WE have been floored by a 7.2 magnitude
earthquake. The number of casualties is increasing, and the damage has been
extensive in terms of properties and infrastructure.
Houses and
buildings have fallen. Landslides have blocked roads, bridges destroyed,
isolating towns. But it’s most heartbreaking to see churches collapse or
practically ruined. That sight alone touches right deep in people’s soul like
no other.
Gone, for now,
are those precious treasures that represent our people’s journey of faith and
piety through the centuries. Their mere presence, even as we just happen to
pass them by, never fails to evoke a certain sense of our identity.
We may not have
been a very good member of the Church or one who is consistently faithful to
it, but somehow we feel we belong to it, just as any child continues to belong
to a family whether he behaves well or not. We are always welcome to enter it.
It does not make easy, uncharitable distinctions.
Some of us are
asking why these churches have to go the way they did during the temblor. Well,
God has his ways, his very mysterious ways. And if we continue to have faith,
we know that everything happens for a good reason. “Omnia in bonum,” as they
say.
We have to
reinforce our belief that God is conveying a beautiful message to us through
their disappearance. Obviously we have to try to decipher and fathom it. We can
always try.
We should not
just focus on the purifying or penalizing aspect of their disappearance,
destruction or damage, though that alone holds a good basis.

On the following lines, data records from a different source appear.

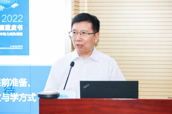 会上,讯飞教育技术研究院院长刘邦奇教授对《2022智能教育发展蓝皮书》作了系统介绍。他指出本年度蓝皮书的主题是“智能技术助力减负增效”,围绕“双减”政策落地要求,着眼教学提质增效、促进学生学业减负,针对课前准备、课堂教学、课后巩固等阶段中存在的低效重负问题,探索教与学方式变革,助力提升教学有效性的实践路径。同时,刘邦奇教授还表示,今年的蓝皮书从去年10月开始启动,到今年8月历经选题、撰写、统稿等环节,当前进入到校验评审阶段。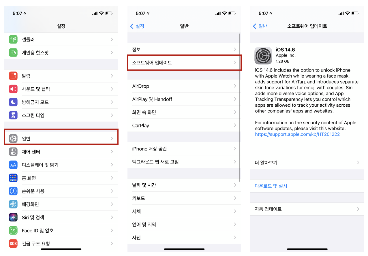 2. 소프트웨어 업데이트를 탭 한다. 아래의 경우는 iSO 14.6 업데이트가 필요함을 알 수 있다.
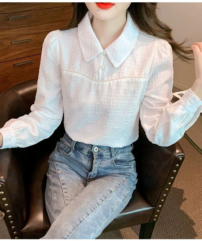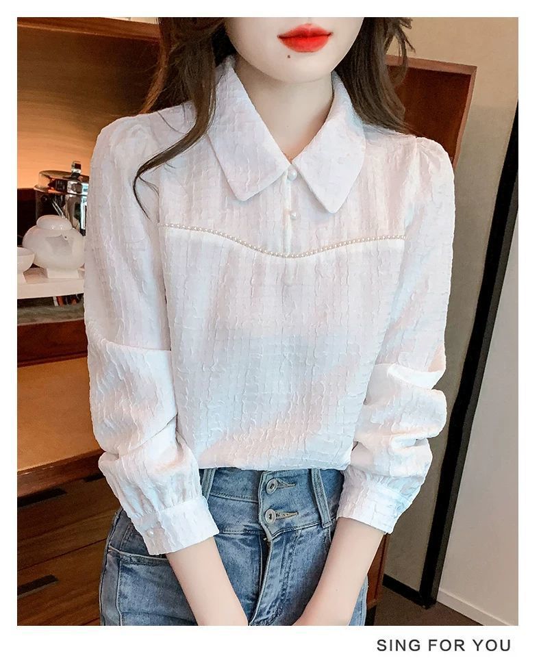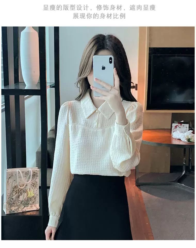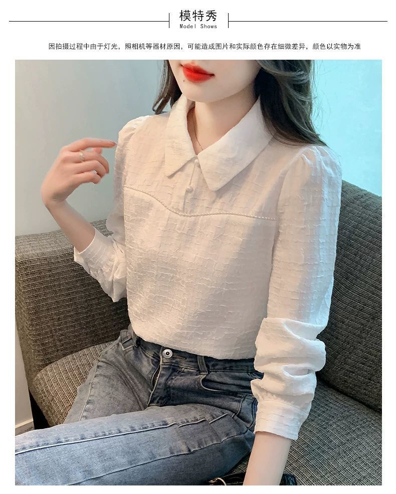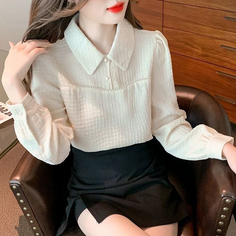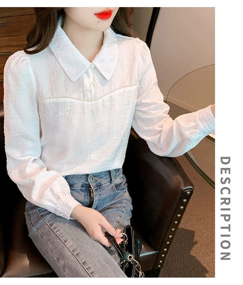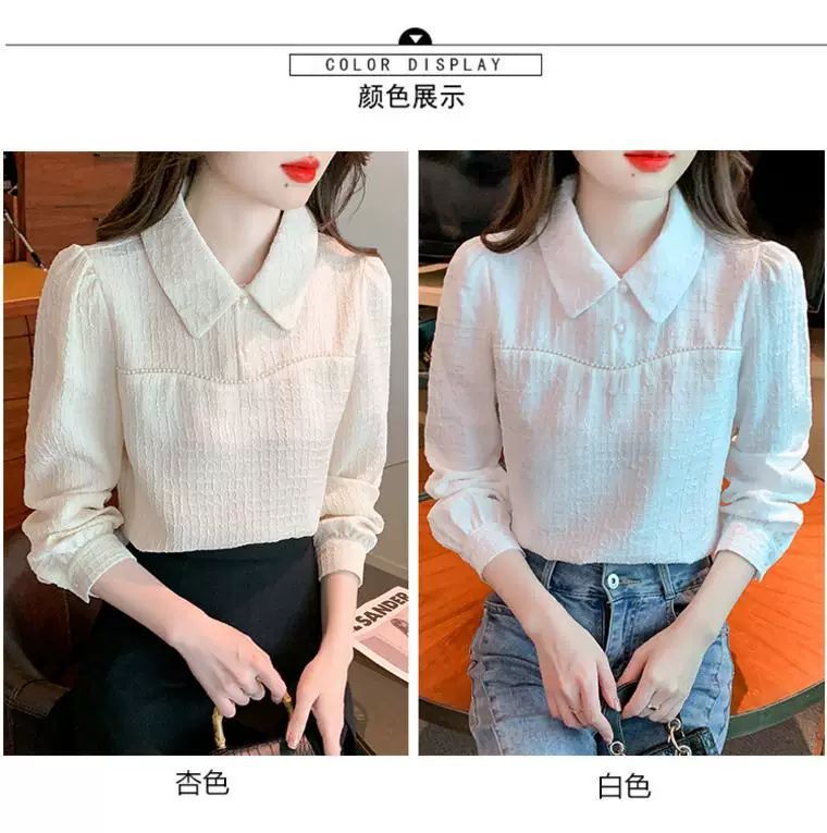 2024 가을 겨울 여성용 인형 칼라 긴팔 쉬폰 셔츠, 스타일리시한 벨벳 바닥 셔츠, 슬리밍 및 연령 감소 탑스토어 가기

For one, we have
often taken them for granted, allowing them to drift to deterioration.
Very often,
when I visited many of these old churches, I got the impression that they were
treated like aging great-grandmothers who were more of a bother than a useful constituent.
They seem to be maintained only as a religious prop or cultural ornament. Their
sacramentality as our home with God is practically lost.
This is not to
mention that in our life of piety, many things have gone sour. We like to strut
our religiosity, yet even in the externals alone, many holes and
inconsistencies can be seen. If we are not lax, our most prevalent predicament,
then we go to the other extreme of being too fastidious as to be rigid and
superstitious.
But I’m sure
there is a lot more of positive reasons why these beautiful churches are gone
for now. I like to believe that God is challenging us to rebuild our spiritual
life so we can rebuild our churches, making them more beautiful, stronger and
more adapted to current and foreseeable situations and challenges.
God is asking
us to get our act together in both our own personal and collective life. We
need to develop a strong and functioning interior life of love of God, and a
vibrant concern for the others in all aspects of life, both material and
spiritual, both mundane and sacred.
We have to
break loose from our complacency in our relation with God and others, and
really enter into a most meaningful engagement with him and everybody else.
We need to
mature in our faith, after so many centuries already of Christian life. We need
to man up so as to grapple with the real issues of our life and not get
entangled with the non-essentials, though they too need to be duly attended to
and related to what is truly important.
I know the
transition is not easy. But it can be facilitated if we try our best to put our
mind and heart, plus all our resources, into the task of rebuilding
simultaneously our spiritual life and our churches. This can be done. This is
not a quixotic dream.
We need to get
back on our feet and move on with a revitalized and purified sense of purpose
in life. We have to rise from the ruins, counting on God’s grace and our
all-out effort.
Christ has
reassured us that we can resurrect not only on the last day, but also on any
day as long as make the necessary changes in our life. His promise of a new
creation is effective as often as we decide to return to him and to take him
and his beautiful will for us seriously.
This, I
believe, is how we should react to the loss of our beautiful churches and the
devastation of the earthquake. God is planting a seed in us that has to die
first in order to grow and bear more fruit.